Question

Without actual division, show that each of the following rational numbers is a non-terminating repeating decimal:

(i) $\frac{11}{\left(2^3\times 3\right)}$
(ii) $\frac{73}{\left(2^2\times 3^3\times 5\right)}$
(iii)$\frac{129}{\left(2^2\times 5^7\times 7^5\right)}$
(iv)$\frac{9}{35}$
(v)$\frac{77}{210}$
(vi) $\frac{32}{147}$
(vii) $\frac{29}{343}$
(viii) $\frac{64}{455}$

Answer 1

(i) $\frac{11}{2^3\times 3}$
We know either 2 or 3 is not a factor of 11, so it is in its simplest form.
Moreover, $(2^3\times 3)$≠ $(2^m\times 5^n)$
Hence, the given rational is non-terminating repeating decimal.

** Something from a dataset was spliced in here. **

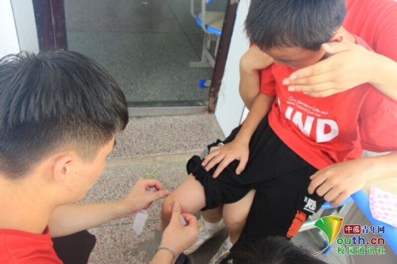 图为孩子奔跑时不小心擦破了膝盖上的皮,队员正在给他消毒、贴上创口贴。 中国青年网通讯员 段新利 摄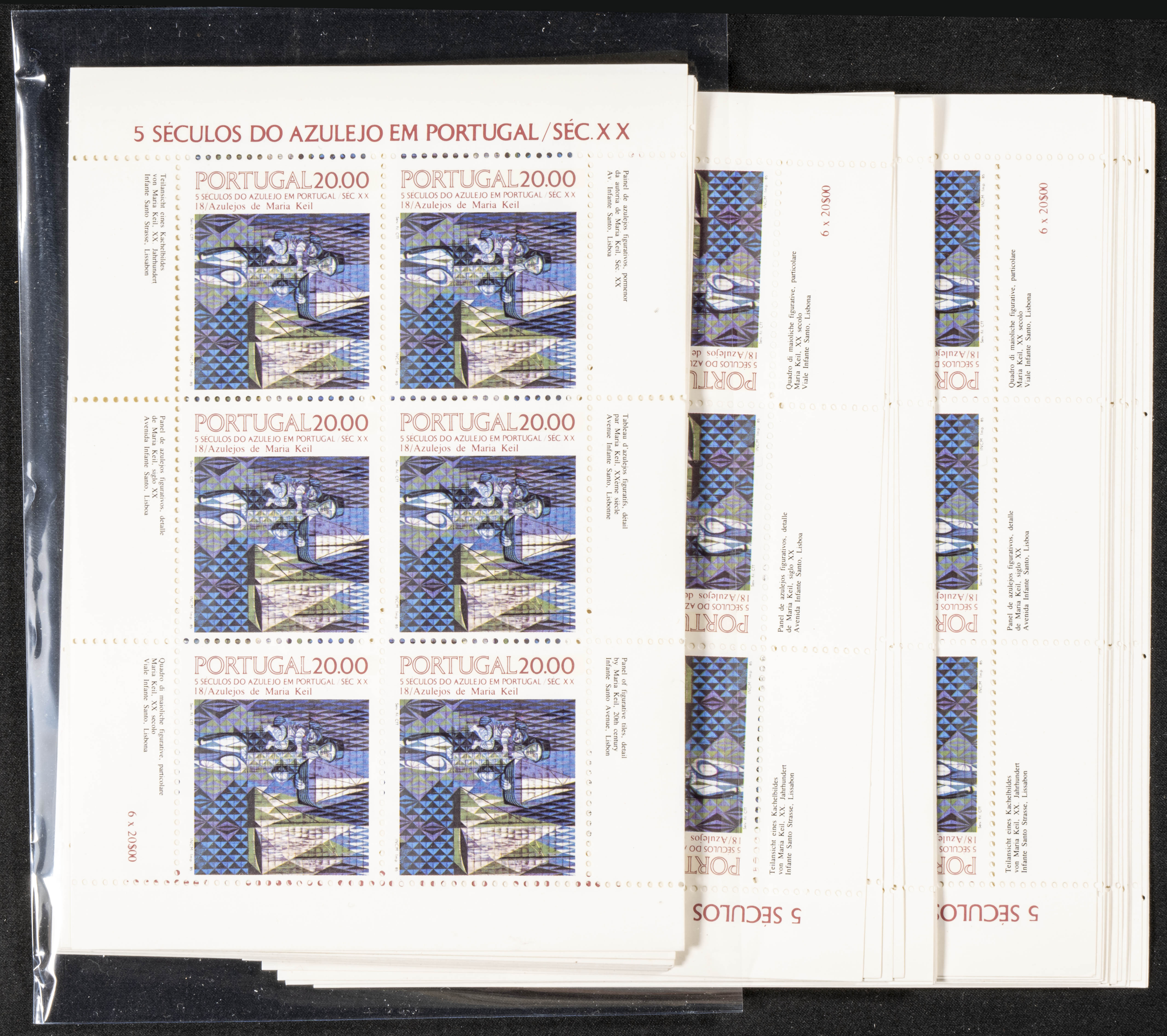 English ★★Yvert 1635a(50). 1985. Set of fifty mini-sheets of AZULEJOS (XVIII) from Portugal 1985, in new condition. TO EXAMINE. Yvert 2020: 450 Euros

(ii) $\frac{73}{2^2\times 3^3\times 5}$
We know 2, 3 or 5 is not a factor of 73, so it is in its simplest form.
Moreover, $(2^2\times 3^3\times 5)$ ≠ $(2^m\times 5^n)$
Hence, the given rational is non-terminating repeating decimal.

(iii) $\frac{129}{2^2\times 5^7\times 7^5}$
We know 2, 5 or 7 is not a factor of 129, so it is in its simplest form.
Moreover, $(2^2\times 5^7\times 7^5)$ ≠ $(2^m\times 5^n)$
Hence, the given rational is non-terminating repeating decimal.

(iv) $\frac{9}{35}=\frac{9}{5\times 7}$
We know either 5 or 7 is not a factor of 9, so it is in its simplest form.
Moreover, ($5\times 7$) ≠ $(2^m\times 5^n)$
Hence, the given rational is non-terminating repeating decimal.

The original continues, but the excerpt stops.